Perched atop a pedestal in a tiny square on Moscow’s busy Garden Ring thoroughfare, the statue of Kalashnikov, who died in 2013, has him dressed in a bomber jacket and clutching an AK-47 in both hands.
“I created a weapon for the defense of my fatherland,” runs a Kalashnikov quote hewn on the pedestal. At the unveiling ceremony, a Kremlin guard of honor stood to attention as Russia’s national anthem played.
“This weapon is Russia’s defense. It’s one of Russia’s symbols. Alas, for life to continue, for lovely children to grow up, for beautiful women in Russia, there must be a weapon,” the monument’s sculptor, Salavat Shcherbakov, told reporters.
Kalashnikov actually didn’t work alone, nor did he begin with an unknown cartridge. His cartridge was already designed, he began with the German Sturmgewehr assault rifle design, and also had features of the M1. He was aided by Aleksandr Zaitsen.

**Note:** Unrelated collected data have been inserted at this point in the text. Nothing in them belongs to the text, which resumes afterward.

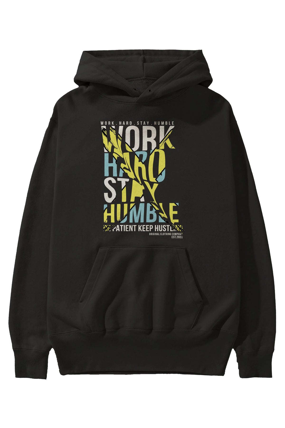 Work Hard Stay Humble Ön Baskılı Hoodie Oversize Kapüşonlu Sweatshirt Erkek Kadın Unisex
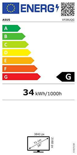 ASUS VP28UQG – Monitor de gaming de 28» 4K UHD(3840×2160, 1 ms, Adaptive-Sync, FreeSync, Antiparpadeo, Filtro de luz…
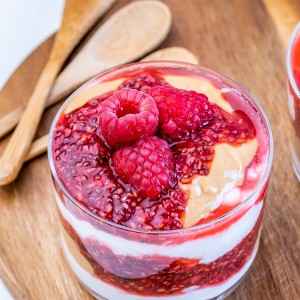 • To assemble your cups, add a layer of cheesecake mix followed by a layer of mashed raspberries and a small drizzle of nut butter as shown.
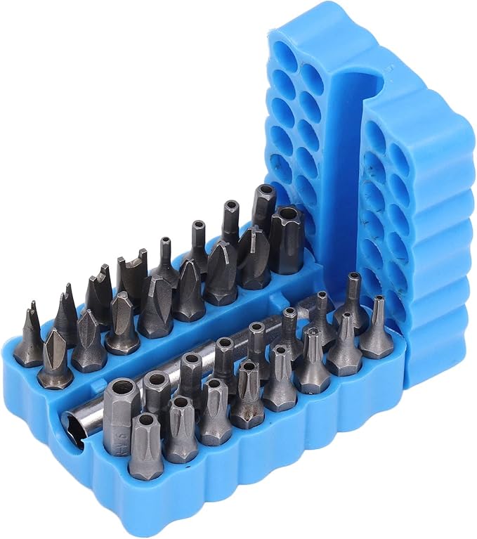Univerzalni set odvijačkih bitova – 33 komada predstavlja praktičan komplet za majstore, auto-servise, električare i kućnu upotrebu. Bitovi su izrađeni od kvalitetnog čelika otpornog na trošenje, a dolaze u kompaktnoj plavoj držalici koja omogućava pregledno i uredno skladištenje.
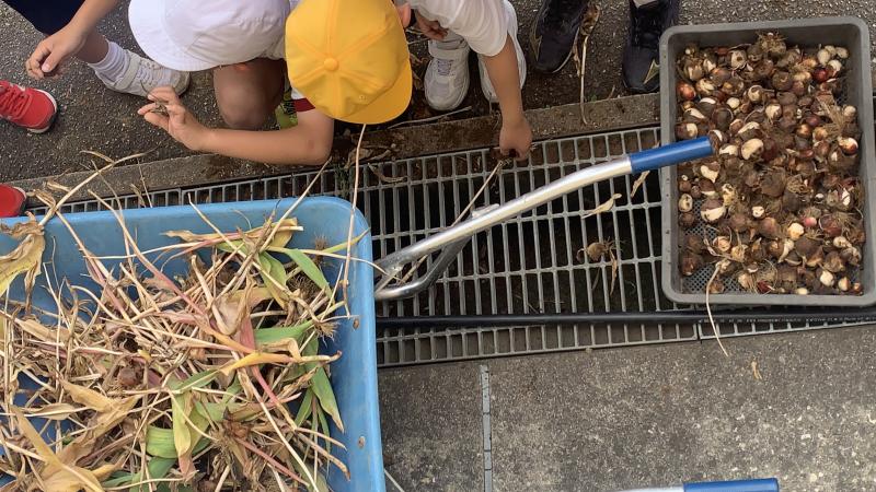 ながらく児童、職員、来校者の方々の目を楽しませてくれたチューリップですが、本日、球根を掘りました。児童達の手により、どんどん球根が掘り出されました。来年、またみんなの目を楽しませてくれることと思います。
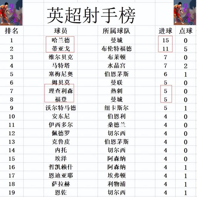 射手榜方面,哈兰德今天打入一球,15球继续高居榜首,蒂亚戈11球紧随其后位列第2。维尔贝克,马特塔7球并列第3,塞梅尼奥6球排在第5。福登近两轮连场梅开二度,2轮打入4球,追上理查利森,姆贝莫等人5球并列第6。

Eugene Stoner was also the chief engineer over the design of the AR line of rifles, with designers / mechanics Robert Fremont and Jim Sullivan. It’s mostly Stoner we remember, just like it’s mostly Kalashnikov we remember. I much prefer the exquisite engineering and tight tolerances of the AR design to the clunkiness and rattling of the AK. But that’s just my preference.
The U.S. ought to erect monuments to John Moses Browning and Eugene Stoner. But we won’t. We aren’t Russia. Russia has fighters. We have PowerPoint presentations on workforce diversity and workplace harassment.
So tell me again who won the cold war? Russia erects monuments to weapons designers, and American universities have professors who fill the minds of idiot-youngsters with poison. I’m not feeling victorious for some reason.